Where the parties, as a result of the “negoziazione assistita”, reach a settlement agreement, the content of the same shall be transposed into a real contract, which shall constitute the enforceable title that the successful party can enforce against the other party’s assets, without a need to go to court for a separate enforceable order. If the settlement agreement is not performed, the forced execution of the debtor's assets can be started immediately by serving a formal demand for payment on the debtor, without the need for a judgment on the breach.
In the event of express or tacit refusal after thirty days to participate in the “negoziazione assistita”, the party who sent the invitation may pursue his claim in court. The refusal has consequences for the party: the judge can in fact consider the refusal in awarding the legal costs and can even order the refusing party to pay damages to the other, if he finds that the refusing party acted in bad faith.
“Negoziazione assistita” is excluded by law in urgent matters such as arrests or injunctions.
As above said, “negoziazione assistita” is a condition precedent to court proceedings. What happens if the parties go directly to the courts and do not start the “negoziazione assistita” procedure first? At the first hearing the judge shall verify that the legal requirement has not been met and shall stay the case, setting a deadline for the parties to start the “negoziazione assistita” procedure and establishing the date of the future hearing for the prosecution of the court proceedings.
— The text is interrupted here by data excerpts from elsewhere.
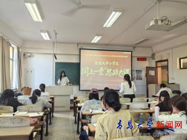 开展集体授课,线上线下夯实理论根基。切实做好课程筹备工作,组织各教研室思政课教师结合各自思政课教学内容和各年级学生专业特点、认知规律完善教学内容,重点结合纪念中国人民抗日战争暨世界反法西斯战争胜利80周年和庆祝中华人民共和国成立76周年重要时间节点,引导学生理解我国在国际舞台的责任使命与爱国主义精神的时代内涵。组织全体学生集中观看学习讨论“同上一堂思政课——大学篇・大国担当”课程内容,实现师生广泛参与、线上线下同频,引导学生将对国家的热爱,转化为追求卓越、报效祖国的内在动力。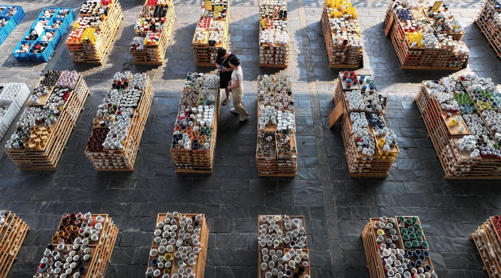 游客在醴陵市一处“低价捡瓷区”挑选瓷器。图片来源:新华社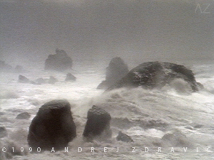 “… In his film about the ocean and its waters, its waves and foam, Zdravič is again the water, the wave and the foam, maybe even the gentle light-footed sandpiper running on the sandy coast in front of a wave that is chasing it but will never catch it, just as Achilles will never catch his turtle. The white water and foam, the bubbles and the mist, the roaring gray waves, the long, endless rollers, and then the almost microscopic ripples in which the mightiness of the ocean dies away on dry land. All this water carries within music that even composers like Händel and Smetana were unable to turn into notes, rhythm and counterpoint. Or Claude Debussy, who paved the way to musical impressionism.”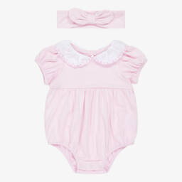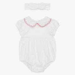 White shortie for baby girls by Little Me, made in a soft and stretchy bamboo and cotton blend. Both comfortable and charming, the shortie has a sweet pink embroidered trim on the collar. There are popper fastenings between the legs for easy dressing. A coordinating elasticated headband with a bow completes the look.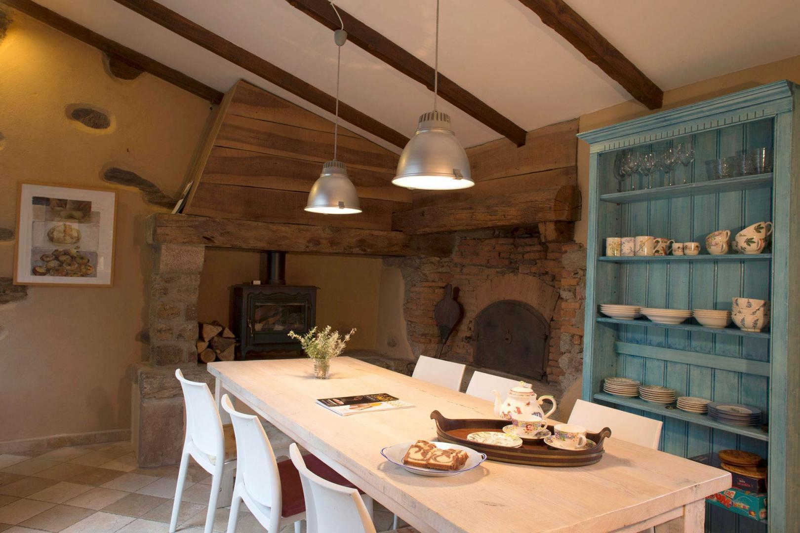 Grand et agréable salon avec poêle à bois ainsi qu’une bibliothèque de livres de cuisine qui sont à votre disposition. Aux beaux jours, le petit déjeuner et le diner en table d’hôtes seront servis sur la terrasse dans le verger ou sous la pergola avec jolie vue sur le soleil couchant. Un wc se trouve sous la cage d’escalier, accessible en plus de ceux des chambres.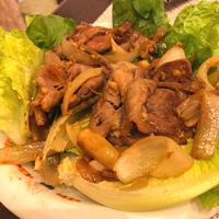 - 3 フライパンにサラダ油を入れて中火で熱し、2を入れます。豚ロースに火が通り、全体に味がなじんだら火から下ろします。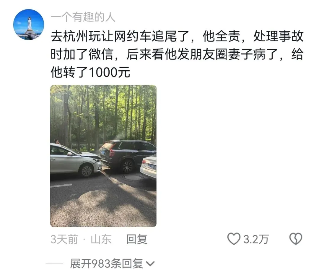 今天,记者再联系到张先生。张先生的车正待维修,“车尾一个雷达撞坏了,修理厂要等配件到货,(换一下)几千块钱。”前些天,张先生把这段行车记录视频发到了自己的社交账号,没想到短短几天就火了,吸引了全网千万网友点赞与评论。张先生说,本来这是件倒霉事儿,但当时小哥说出能不能先赔偿自己400元钱的时候,他心里一下子就酸了。“当时他要送的单子撒在地上,一共三份外卖,水饺、鲜花之类的,估计也得赔个一两百块吧?我想到如果这是我的弟弟,碰到这种情况,我心里会怎么想?我把1000元红包塞给他的时候,他推脱了好一会儿。”“这是很微不足道的一件小事而已。没想到它居然火了,可能还是我们每个人心中都有一份善意吧。”视频火了之后,也有热心网友当起了“侦探”,发现这位张先生是个有趣的单身小伙。比如,过年期间,他去寺里求姻缘却发现寺庙没开门,他找遍全寺找到住持来开门。有网友纷纷为他助力相亲:“把我妹介绍给你吧。”“哥结婚了没,没结婚把我姐介绍给你。”“谈吗?”“不知道为什么,这事儿把我带到一个相亲的方向去了。”张先生笑了,“感谢大家,可能觉得我是一个好人,欢迎大家和我做朋友。”更让张先生觉得感动的是,他的“凌晨被追尾”这事就像一颗投进湖里的小石子,泛起阵阵涟漪,许多网友在评论区分享了自己曾在杭州的碰到过的暖心事,看下来,就像一幕幕电影场景。张先生很有感触,“我对杭州的印象一直很好。这里的人很热情,拿一个很小的事来说,你如果问路,不远的话,杭州人会直接把你领着,带你到目的地去。”张先生也想着,今后有机会把上海的事业搬到杭州来,“因为这几年接触下来,我觉得这座城市的创业、营商、生活的氛围,非常棒。”人有时候可以善良到什么程度呢?这是张先生的评论区里,来自全国各地IP的真实经历: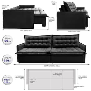 Um modelo com design moderno e sofisticado, o Sofá Cama Retrátil e Reclinável Versátil é um modelo 2 em 1, podendo ser usado como sofá, sendo espaçoso e confortável ou como cama, onde vira uma bela cama de casal, ganhando muito espaço e comodidade para você. Além disso, o sofá cama conta com um Pillow Top, dando ainda mais conforto, sustentação e qualidade para você aproveitar seu filme ou maratonar sua série favorita.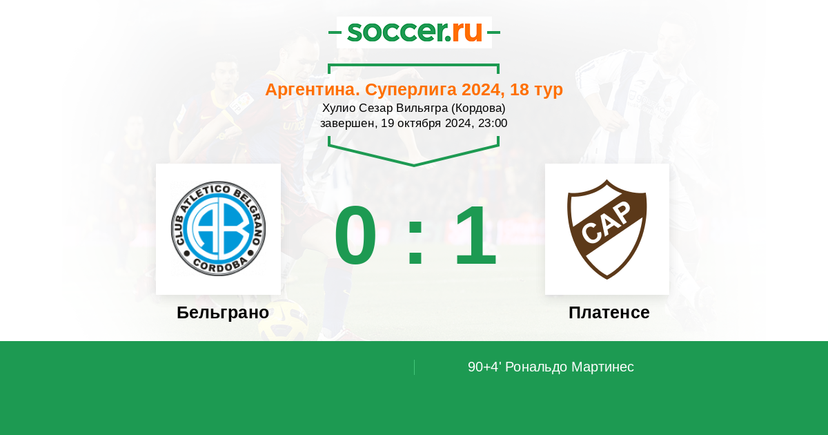 90+4' (0:1) Рональдо Мартинес (77) (Окампо Агустин (10))

In a recent decision in a cargo claim case (GFS International Ltd. v. Ignazio Messina & C Spa and others, Tribunal of Genoa, 04.06.2018), the Tribunal of Genoa held that if the invitation to “negoziazione assistita” is refused or if the procedure failed, court proceedings must be commenced within 30 days, and not within any remaining time of the original time bar. However, this is an unprecedented decision of a lower court, therefore we must wait for this rule to be affirmed by higher courts before considering it as settled case law.